Hello. I just can’t figure out how to find words with special characters in Elastic

For example, I have two documents:

1) We are looking for C ++ and C # developers
2) We are looking for C developers

I want to find only a document that has the word C ++.

The code for creating the index, documents and search:

from elasticsearch import Elasticsearch from elasticsearch.helpers import scan ELASTIC_SEARCH_NODES = ['http://localhost:9200'] INDEX = 'my_index' DOC_TYPE = 'material' def create_index(): data = { "settings": { "analysis": { "analyzer": { "my_analyzer": { "type": "custom", "filter": [ "lowercase" ], "tokenizer": "whitespace", } } } } } print es_client.indices.create(index=INDEX, body=data) def create_doc(body): if es_client.exists(INDEX, DOC_TYPE, body['docid']): es_client.delete(INDEX, DOC_TYPE, body['docid']) print es_client.create(index=INDEX, doc_type=DOC_TYPE, body=body, id=body['docid']) def find_doc(value): results_generator = scan(es_client, query={"query": { "match_phrase" : { "text" : value } }}, index=INDEX ) return results_generator if __name__ == '__main__': es_client = Elasticsearch(ELASTIC_SEARCH_NODES, verify_certs=True) # create_index() doc1 = {"docid": 1, 'text': u"We are looking for C developers"} doc2 = {"docid": 2, 'text': u"We are looking for C++ and C# developers"} # create_doc(doc1) # create_doc(doc2) for r in find_doc("C++"): print r 

Search result (if escaped + , the result is the same):

 {u'_score': 0.0, u'_type': u'material', u'_id': u'2', u'_source': {u'text': u'We are looking for C++ and C# developers', u'docid': 2}, u'_index': u'my_index'} {u'_score': 0.0, u'_type': u'material', u'_id': u'1', u'_source': {u'text': u'We are looking for C developers', u'docid': 1}, u'_index': u'my_index'} 

As I understand it, this result is obtained because when splitting into tokens, characters like + and # not indexed , and in fact he is looking for documents that have the C character:

 curl 'http://localhost:9200/my_index/material/_search?pretty=true' -d '{ "query" : { "match_all" : { } }, "script_fields": { "terms" : { "script": "doc[field].values", "params": { "field": "text" } } } }' 

The result of the command:

 { "took" : 3, "timed_out" : false, "_shards" : { "total" : 5, "successful" : 5, "failed" : 0 }, "hits" : { "total" : 2, "max_score" : 1.0, "hits" : [ { "_index" : "my_index", "_type" : "material", "_id" : "2", "_score" : 1.0, "fields" : { "terms" : [ "and", "are", "c", "developers", "for", "looking", "we" ] } }, { "_index" : "my_index", "_type" : "material", "_id" : "1", "_score" : 1.0, "fields" : { "terms" : [ "are", "c", "developers", "for", "looking", "we" ] } }] } } 

How can this problem be solved? And the second question related to the previous one: is it possible to search only for non-alphabetic characters: % or the same + ?
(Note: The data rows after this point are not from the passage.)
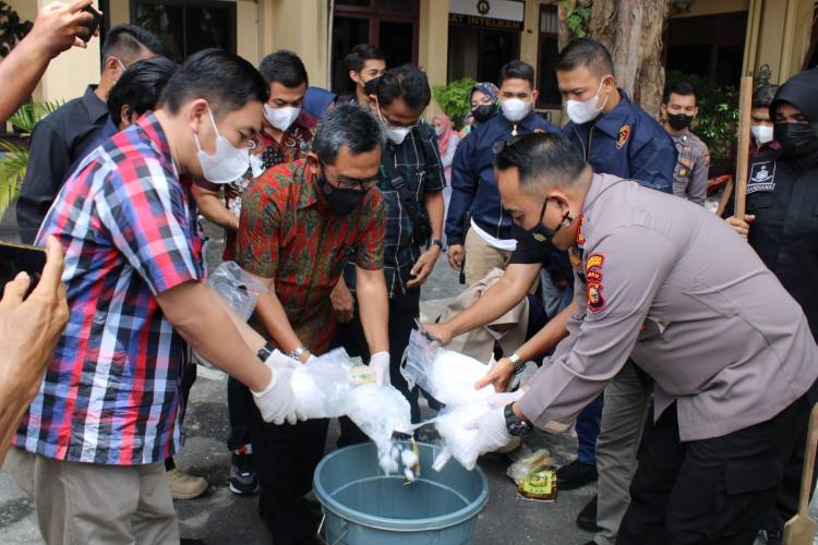 Polresta Pekanbaru Musnahkan Barang Bukti Sabu dan Serbuk Ekstasi
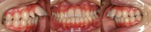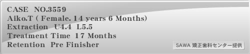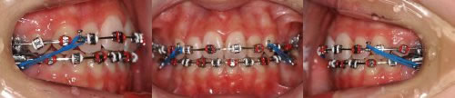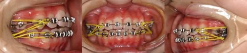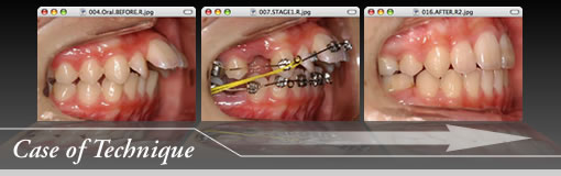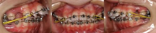 STAGE ONEでは「.016インチTIP-EDGE WIRE」と叢生、捻転も除去のため、Zing STRINGを使用して上顎側切歯を牽引する。右側切歯は近心が中切歯に重なっているため。BeggタイプのBracketを使用。顎観2級ゴムは60gである。Bite Opening Bendは上顎30°下顎20°である。(中略)
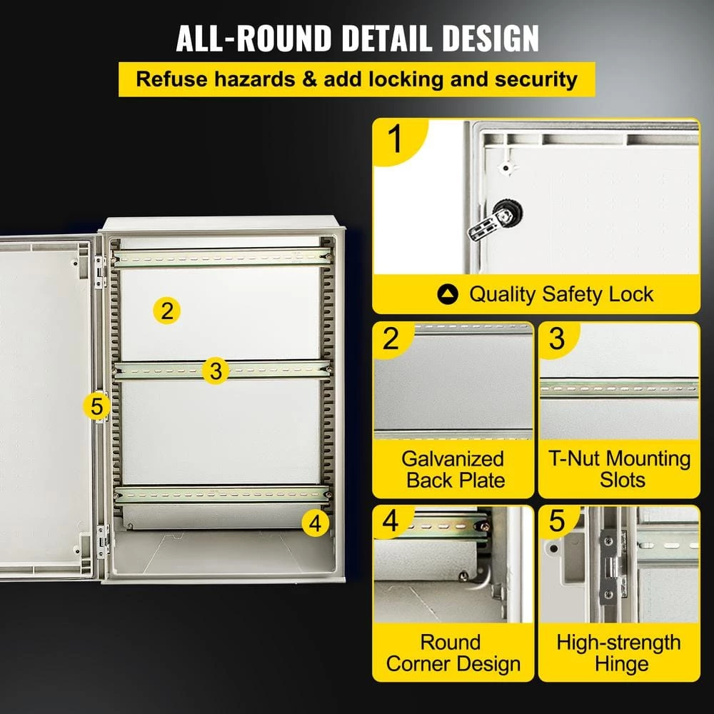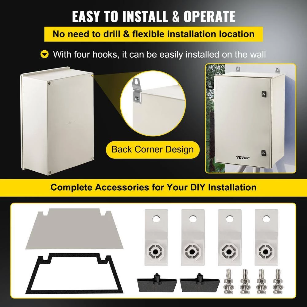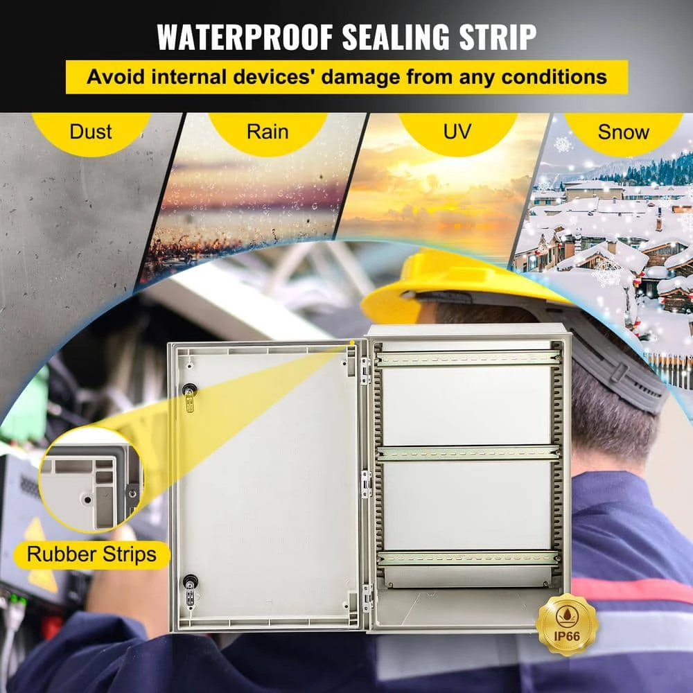 Electrical Enclosure Box–Begin your security setups! IP66 Grade, High Security and DIY Projects. The electric enclosure box is meticulously crafted from heavy-duty fiberglass reinforced polyester. Precise lock design, high-strength hinges, sealing strips, and IP66 protection grade are all used to secure your plug-ins, power cords, and other equipment in harsh environments. It is widely used for indoor and outdoor applications, such as electricity, construction, hotel, and other industries. Choose a name you can trust, VEVOR.

PS I use Elastic 2.3.2 and the library for Python elasticsearch = 2.3.0.

    1 answer 1

    All special characters are indexed, no need to escape. In your case, most likely, the standard analyzer was used during indexation, but not your my_analyzer.

    You need to add mapping.

     data = { "settings": { "analysis": { "analyzer": { "my_analyzer": { "type": "custom", "filter": [ "lowercase" ], "tokenizer": "whitespace", } } } }, "mappings": { "material": { "properties": { "docid": { "type": "integer" }, "text": { "type": "string", "analyzer": "my_analyzer" } } } } } 

    The index will have to be re-recreated and documents added again. When searching, you should also use my_analyzer or reduce the word to lowercase. "C ++" and "c ++" are different tokens.

    You can check for which tokens the string is parsed by the my_analyzer analyzer by the following query:

     curl -XPOST "http://localhost:9200/my_index/_analyze?analyzer=my_analyzer&pretty=true" -d 'We are looking for C++ and C# developers' 

    You can search by any characters ("%", "+").